The expression construct was transformed to BLR pLys S E. coli (Novagen, Madison, WI) and grown overnight in LB broth with kanamycin (30 μg/ml) and chloramphenicol (34 μg/ml). This culture (12 ml) was used to inoculate 500 ml 2XYT with the same antibiotics and the culture was induced with IPTG at an OD560 of 0.44 to a final concentration of 1.2 mM. Four hours post-induction, the bacteria were harvested and sonicated in 20 mM Tris (8.0), 100 mM NaCl, 0.1% DOC, 20 μg/ml Leupeptin, 20 mM PMSF followed by centrifugation at 26,000 X g. The resulting pellet was resuspended in 8 M urea, 20 mM Tris (8.0), 100 mM NaCl and bound to Pro-bond nickel resin (Invitrogen, Carlsbad, CA). The column was washed several times with the above buffer then eluted with an imidazole gradient (50 mM, 100 mM, 500 mM imidazole was added to 8 M urea, 20 mM Tris (8.0), 100 mM NaCl). The eluates containing the protein of interest were then dialzyed against 10 mM Tris (8.0). The DNA and amino acid sequences for the resulting fusion protein
(hereinafter referred to as TbRa3-38 kD-Tb38-l) are provided in SEQ ID NO: 147 and 148, respectively.

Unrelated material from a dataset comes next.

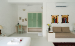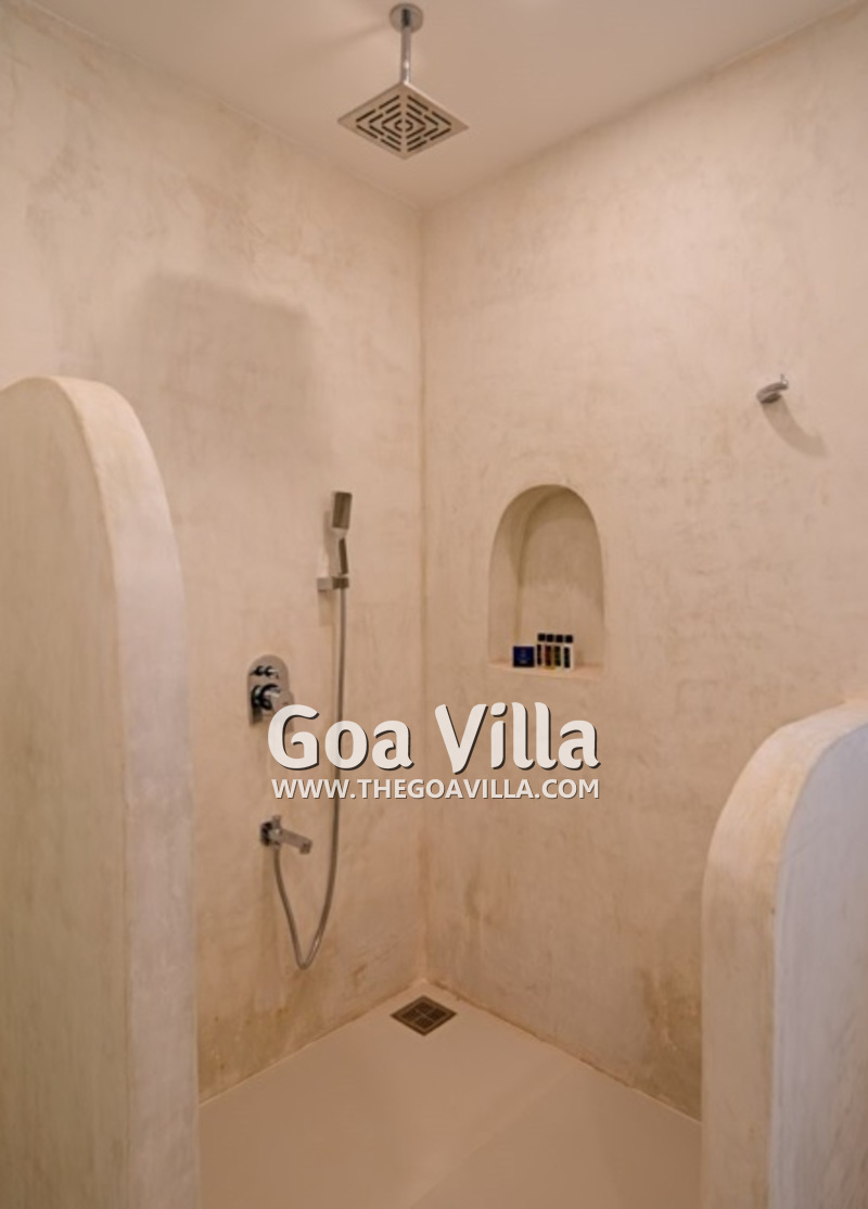 Bedrooms – There are 5 elegantly furnished bedrooms in this villa with a total of 7 double beds. Two of the bedrooms are in a loft room. You can approach the lofts through a staircase that goes up from the bedrooms. they are perfect for young children. All the beds have high-quality linen. They have unique headboards, which provide a rustic feel. The bedrooms also have satellite televisions, small libraries, study tables, wardrobes, and seating areas. Each bedroom has a mini refrigerator with a mini bar.
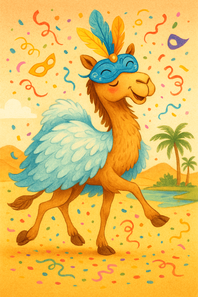 Un giorno, mentre avanzava tra le dune, vide qualcosa di impossibile: una piuma rossa, leggera come una risata, che svolazzava nel vento. Poi una mascherina dorata. Poi un coriandolo.

A fusion protein containing the two antigens TbH-9 and Tb38-1 (hereinafter referred to as TbH9-Tb38-l) without a hinge sequence, was prepared using a similar procedure to that described above. The DNA sequence for the TbH9-Tb38-l fusion protein is provided in SEQ ID NO: 151.
A fusion protein containing TbRa3, the antigen 38kD, Tb38-1 and DPEP was prepared as follows. Each of the DNA constructs TbRa3, 38 kD and Tb38-1 were modified by PCR and cloned into vectors essentially as described above, with the primers PDM-69 (SEQ ID NO:145 and PDM-83 (SEQ ID NO: 200) being used for amplification of the Tb38-1A fragment. Tb38-1A differs from Tb38-1 by a Dral site at the 3' end of the coding region that keeps the final amino acid intact while creating a blunt restriction site that is in frame. The TbRa3/38kD/Tb38-lA fusion was then transferred to pET28b using Ndel and EcoRI sites.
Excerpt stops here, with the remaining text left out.